Алеша Стрельцов спокойно отвечал на вопросы. И все бы, наверное, обошлось как нельзя лучше, если бы в эту минуту не всплыл у него в памяти рассказ мамы про ее старшего брата, которого он никогда и в глаза не видел. Этот дядя отбился от семьи земского врача и назло отцу, ненавидевшему поповщину, стал псаломщиком. Однако часто во время светлых престольных праздников запой мешал ему как следует справлять свои обязанности.

Алеша так и буркнул:

– Лишенцев у нас в роду не было. Вот только если дядя.
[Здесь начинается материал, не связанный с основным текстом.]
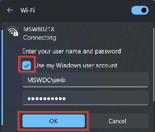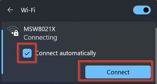 In the wireless window, click on MSW8021X, check the box for Connect automatically and click Connect.

– А кто такой был дядя? – насторожился председатель.

– Он псаломщиком был до самой смерти. Я его, правда, ни разу в жизни не видел, но знаю точно, что до попа он не смог дослужиться.

– Гм… надо разобраться с этим, товарищ Стрельцов. Значит, служитель церкви? – Председатель постучал карандашом по стеклу письменного стола и заглянул в анкету, чтобы убедиться, что он не перепутал Алешину фамилию. – Плохо, товарищ Стрельцов. Служитель церкви – это тот же классово чуждый элемент. Прискорбно, но мы не можем рекомендовать вас в авиацию.
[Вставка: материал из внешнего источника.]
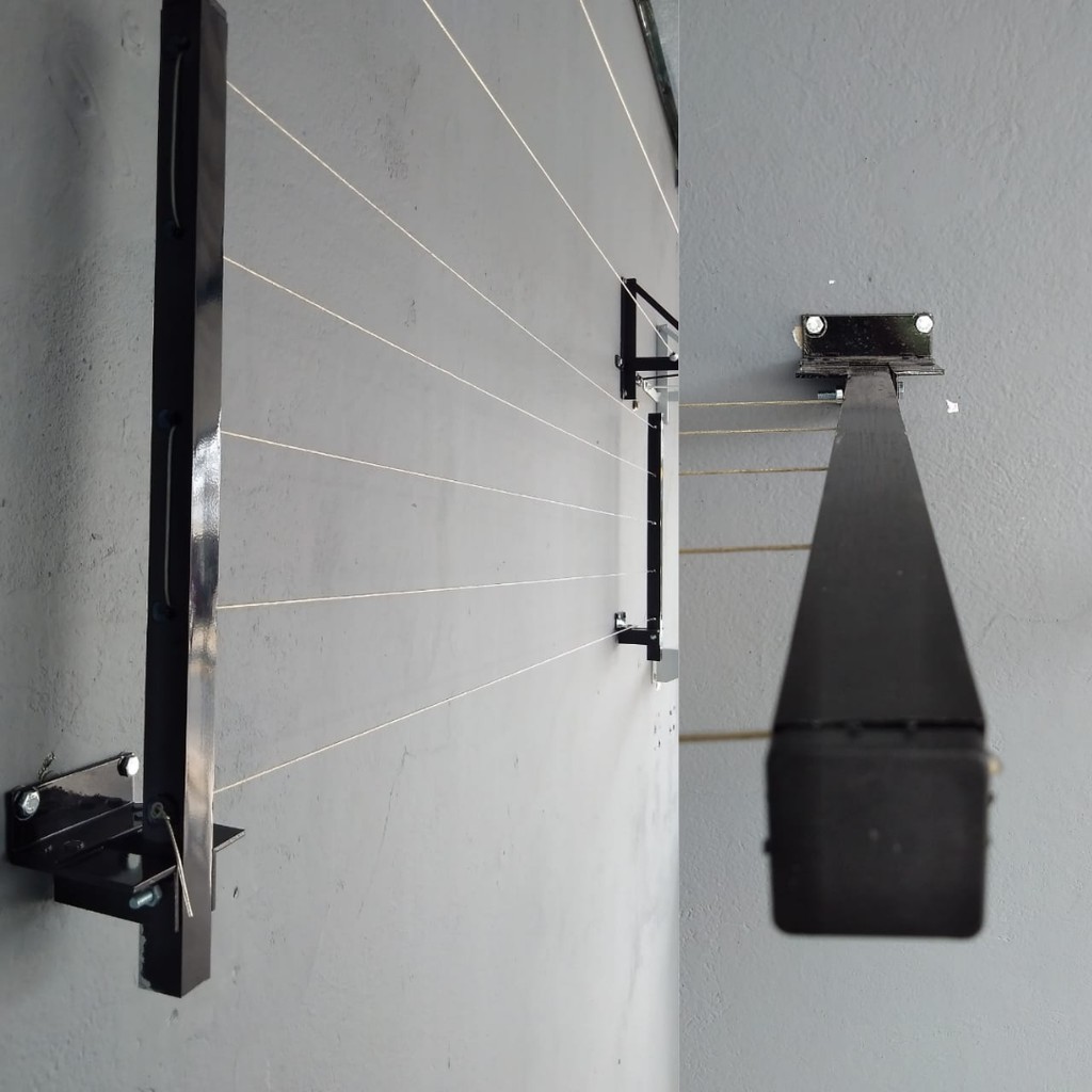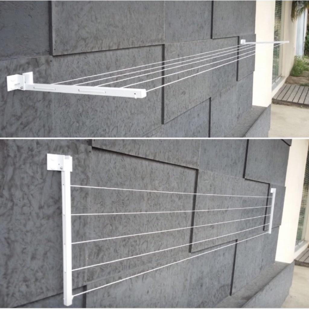 Varal em aço carbono Reforçado Retrátil De Parede + kit instalação com capacidade de até 60 Kg

И после этих веских слов пришлось бы Алеше снова возвратиться в строительный техникум, если бы не случай. На том заседании в качестве члена мандатной комиссии присутствовал совсем молодой с виду военный летчик. На его голубых петлицах, расшитых золотым кантом, виднелись вишневые ромбики. Над загорелым лбом в беспорядке разметались короткие курчавые волосы, а в дерзких калмыковатых глазах бились буйные искры. На гимнастерке блестели три ордена Красного Знамени. Это был комбриг Комаров, начальник местной школы военных летчиков. Он только что возвратился из Испании, где дрался против фашистов в составе знаменитой Интернациональной бригады. Когда Стрельцов рассказал о своем дяде, «не доросшем до попа», тонкие губы Комарова сложились в усмешку, взгляд остановился на Алеше.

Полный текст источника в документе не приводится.